Таковы были условия этой необычной задачи, какими они предстали перед студентом-дипломатом в 1862 году: Палмерстон 14 сентября, находясь под впечатлением того, что президент вот-вот будет изгнан из Вашингтона, а Потомакская армия рассеяна, предположил в разговоре с Расселом, что в таком случае вмешательство может оказаться осуществимым. Рассел мгновенно ответил, что в любом случае он хочет вмешаться и созовет для этого кабинет министров. Палмерстон колебался; Рассел настаивал; Гренвилл протестовал. Тем временем мятежная армия потерпела поражение при Энтитеме 17 сентября и была изгнана из Мэриленда.
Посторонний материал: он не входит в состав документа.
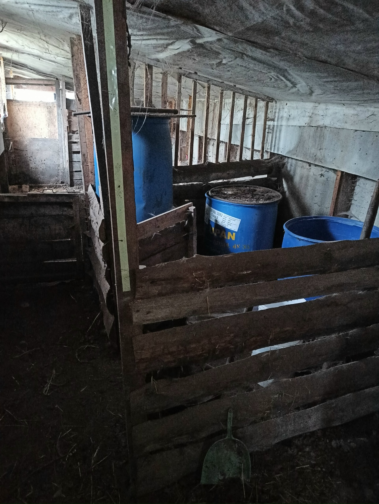 Идем дальше. Тут загородка для поросят, которые готовятся переехать в морозилку. Сейчас там бочки с кормом.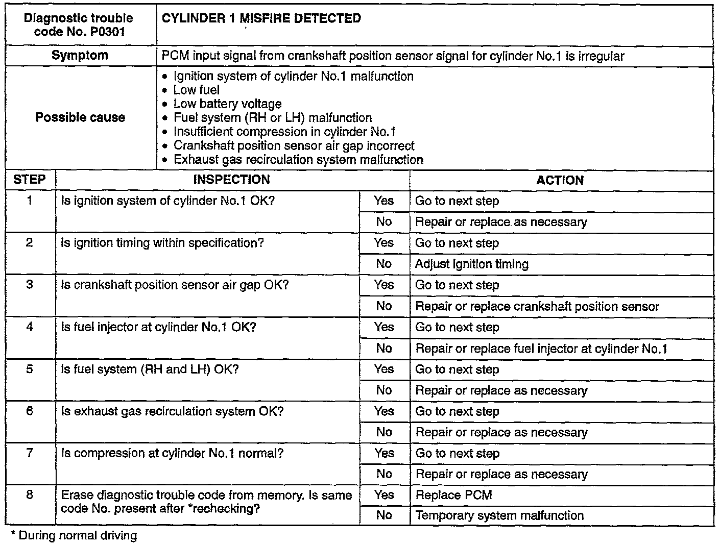 DTC P0301:

Затем Гладстон 7 октября попытался заставить руку Палмерстона, представив вмешательство как свершившийся факт. Рассел согласился, но Палмерстон выставил сэра Джорджа Корнуэлла Льюиса опровергать Гладстона и обошелся с ним сурово в прессе как раз в тот момент, когда Рассел созывал кабинет министров, чтобы подкрепить слова Гладстона. 23 октября Рассел заверил Адамса, что никаких изменений в политике в настоящее время не предлагается. В тот же день он предложил их — и был забаллотирован. Мгновенно Наполеон III предстал в качестве союзника Рассела и Гладстона с предложением, которое не имело никакого смысла, кроме как взятка Палмерстону с целью вернуть Америку от полюса до полюса в ее прежнюю зависимость от Европы, а Англию — в ее прежний суверенитет на морем, если Палмерстон поддержит Францию в Мексике. Молодой студент-дипломат, знавший Палмерстона, должен был счесть само собой разумеющимся, что Палмерстон вдохновил это предложение и поддержит его; зная Рассела и его вигские истоки, он должен был предположить, что Рассел непременно выступит против него; зная Гладстона и его возвышенные принципы, он не сомневался бы, что Гладстон яростно осудит этот план. Если образование стоило хоть ломаного гроша, это было единственное расположение лиц, которое обученный студент мог счесть возможным, и именно это расположение девятка из десяти человек принимали за историю. По правде говоря, каждая оценка была ложной. Палмерстон никогда не выказывал благосклонности к этому плану и оказал ему лишь «слабую и вялую поддержку». Рассел уступил, решительно не доводя до конца «свою» борьбу. Единственным решительным, яростным, совестливым поборником Рассела, Наполеона и Джефферсона Дэвиса был Гладстон.